Even though its 60 degrees on a Saturday in December, I'm sticking to the plan of a recovery day after yesterdays steady state efforts and 50 miles. Will use the time to get some other things done around the house and garden.

Friday, December 11, 2015

3x5 minute steady states

These are the last efforts before the indoor tt on Sunday. Felt very good on these: 357, 361 and 369. I'm going to ride my Cervelo P2 tt bike at the indoor tt on Sunday. makes more sense to use that than a road bike.

Thursday, December 10, 2015

Article on Pedal Stroke

Interesting article sent to me by a client. I've always considered one legged drills to be a waste of time and thinking of pedaling in circles the same. I think of the pedal stroke as a down motion. I do relax a little at the bottom. Its not a dramatic pull up at all, more of just a matter of not mashing my foot into the pedal. Feels smoother to me and puts less wear and tear on the bottom of my foot.


Tuesday, December 8, 2015


I renew my USAC Level 1 license every two years so I have to turn in my current tally. The requirement is 40 over two years and I'm happy to say I have 63 in that time. Some of the highlights:

every ACE Fitness Magazine quiz, monthly, 2-7 quizzes at .1 per quiz
Safe Team webinar (required)
2012 USAC Summit dvd 20 CEU's
USAT coaches clinic 20 CEU's
PED's, Coaching Juniors, The Winning Mind, Low Carb High Fat Diet, Intensity Metric Triangulation, 10 Simple Ways to Lose Weight, 10 Ways to Increase Power, Long Slow vs HIT, and CPR/AED

Monday, December 7, 2015

Descending Intervals

feeling better, and it was in the mid 40's, so I headed out to do these; each set of times represents 60, 45, 30 and 15 second efforts with the same time between (60, then 45, then 30, then 2-3 minutes between sets): 512/567/569/624, 529/537/586/661, 534/515/584/647, 508/514/569/651, 513/522/602/630...avg cadences between 97 and 102....NP for 55 minutes at 340

Sunday, December 6, 2015

December Training

Pretty cold weekend so I did some indoor rides with some tempo (20 minutes at 280). Certainly less on that power than I did outside in TN last week (310+) but HR was about the same so I went with it. With temps at 30 on Saturday morning, I decided to ride inside with an hour session in the morning and another in the afternoon. Did the same today, one in the morning and another watching the first half of the Bengals-Browns game. I just don't get much benefit from riding when its below 40. Even with my SIDI cycling boots and warm gloves, I'm still too cold. Thirty degrees at 18-20 mph with no additional wind gives a temperature of 17-19 degrees. My basement is a pleasant 68-70. I'd rather sweat than freeze. I get outside for a daily hike in the local park and yesterday I did some mulching in my garden for a couple of hours.

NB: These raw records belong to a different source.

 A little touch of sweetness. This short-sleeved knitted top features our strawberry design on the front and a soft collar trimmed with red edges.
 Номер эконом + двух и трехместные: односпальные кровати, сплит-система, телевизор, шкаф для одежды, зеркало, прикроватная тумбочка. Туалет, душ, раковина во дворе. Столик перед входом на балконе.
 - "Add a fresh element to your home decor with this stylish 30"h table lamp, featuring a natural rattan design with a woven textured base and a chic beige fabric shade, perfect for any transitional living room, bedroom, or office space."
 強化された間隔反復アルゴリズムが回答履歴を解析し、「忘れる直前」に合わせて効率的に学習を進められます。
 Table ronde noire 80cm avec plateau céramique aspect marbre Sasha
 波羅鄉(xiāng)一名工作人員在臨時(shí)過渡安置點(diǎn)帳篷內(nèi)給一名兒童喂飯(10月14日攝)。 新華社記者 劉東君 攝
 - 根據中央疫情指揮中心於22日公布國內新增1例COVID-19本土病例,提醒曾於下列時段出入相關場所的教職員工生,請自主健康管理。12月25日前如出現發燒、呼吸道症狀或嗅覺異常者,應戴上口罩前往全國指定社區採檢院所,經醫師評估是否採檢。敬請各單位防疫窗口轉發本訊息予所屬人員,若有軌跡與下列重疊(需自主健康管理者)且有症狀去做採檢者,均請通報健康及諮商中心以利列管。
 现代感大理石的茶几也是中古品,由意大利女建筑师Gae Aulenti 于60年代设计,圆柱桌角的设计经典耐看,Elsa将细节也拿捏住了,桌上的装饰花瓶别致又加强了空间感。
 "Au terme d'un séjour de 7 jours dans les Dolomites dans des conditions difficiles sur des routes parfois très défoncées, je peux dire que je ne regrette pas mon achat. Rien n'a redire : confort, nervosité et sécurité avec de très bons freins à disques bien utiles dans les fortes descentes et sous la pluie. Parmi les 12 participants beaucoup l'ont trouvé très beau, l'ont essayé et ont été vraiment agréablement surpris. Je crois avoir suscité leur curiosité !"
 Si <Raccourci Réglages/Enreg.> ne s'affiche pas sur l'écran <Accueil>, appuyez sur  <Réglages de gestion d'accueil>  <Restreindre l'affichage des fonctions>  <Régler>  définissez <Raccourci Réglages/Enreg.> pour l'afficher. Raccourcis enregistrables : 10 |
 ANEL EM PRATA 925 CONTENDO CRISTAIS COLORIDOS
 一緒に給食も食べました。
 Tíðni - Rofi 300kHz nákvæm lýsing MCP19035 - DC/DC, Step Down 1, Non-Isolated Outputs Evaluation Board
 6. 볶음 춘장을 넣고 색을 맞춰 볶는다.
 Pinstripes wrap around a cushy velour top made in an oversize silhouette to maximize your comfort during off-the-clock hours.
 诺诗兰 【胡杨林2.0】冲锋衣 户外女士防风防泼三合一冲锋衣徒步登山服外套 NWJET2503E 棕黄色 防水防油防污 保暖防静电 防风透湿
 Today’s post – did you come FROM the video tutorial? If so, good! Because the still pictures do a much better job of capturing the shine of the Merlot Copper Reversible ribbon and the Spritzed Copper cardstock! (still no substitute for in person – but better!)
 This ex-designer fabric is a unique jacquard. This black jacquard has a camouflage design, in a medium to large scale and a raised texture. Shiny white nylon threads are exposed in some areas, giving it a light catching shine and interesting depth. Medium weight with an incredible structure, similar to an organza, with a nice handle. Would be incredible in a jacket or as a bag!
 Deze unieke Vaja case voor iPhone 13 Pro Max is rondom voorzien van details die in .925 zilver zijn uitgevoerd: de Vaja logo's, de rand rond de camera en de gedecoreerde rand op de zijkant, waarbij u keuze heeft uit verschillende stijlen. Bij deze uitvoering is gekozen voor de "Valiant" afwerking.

Looking ahead, we're still going with shorter efforts with lots of intensity. I see descending intervals, some short steady state, etc in the next 10 days. Its a long way to the first events in the spring so some pacing in the schedule is important. We certainly want to keep up the power but not over do it.

Friday, December 4, 2015

Over Unders

Did these inside as it was just a little too cold to head outside (low 30's). Held 320 over and 290-300 under for 2 minutes over/2 under /2 over /2 under, three sets. Not my best effort as fighting a slight cold but ok for December.